De-Googled Android Experience - swalladge
https://www.swalladge.net/archives/2019/06/10/degoogled-android/
======
_Donny
I de-Googled my Android 3 months ago, and the article reads as if I wrote it.
I can totally relate to everything!

Without the Play store, I had to take long hard look at what apps are really
essential to me, for which I cannot find a FOSS alternative. Turns out, except
Spotify and banking, there was none! Without Google Play, I did not really
feel the need to fill my phone with various apps... My primary email and SMS
was all the communication I needed.

In the beginning, I missed my notifications. I felt almost uneasy if I did not
check my phone every 30 minutes because I felt like I could be missing some
urgent notification. However, after only a week, I noticed that nothing of
importance was lost, but more importantly, how much focus I reclaimed!

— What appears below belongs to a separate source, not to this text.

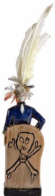
I'D BETTER GO AND GET SOMETHIN' HARDER #14 2014 (DETAIL—VERSO)

I know this sounds cheesy, but de-cluttering my phone made me realize how much
all the apps strived for my attention all the time.

------
jwgarber
I made a similar switch to Lineage about a year ago, and it's also been
absolutely great. No regrets whatsoever. Also, AFAIK you can root your phone
to fool play store checks, using something like Magisk if that's important
enough.

------
listic
There's also LineageOS for MicroG [1] which bakes in MicroG for you. Then
there's the unfortunately named /e/ [2] which is based on the former and
trying to build a usable privacy-focused mobile OS on top of that.

[1] [https://lineage.microg.org/](https://lineage.microg.org/)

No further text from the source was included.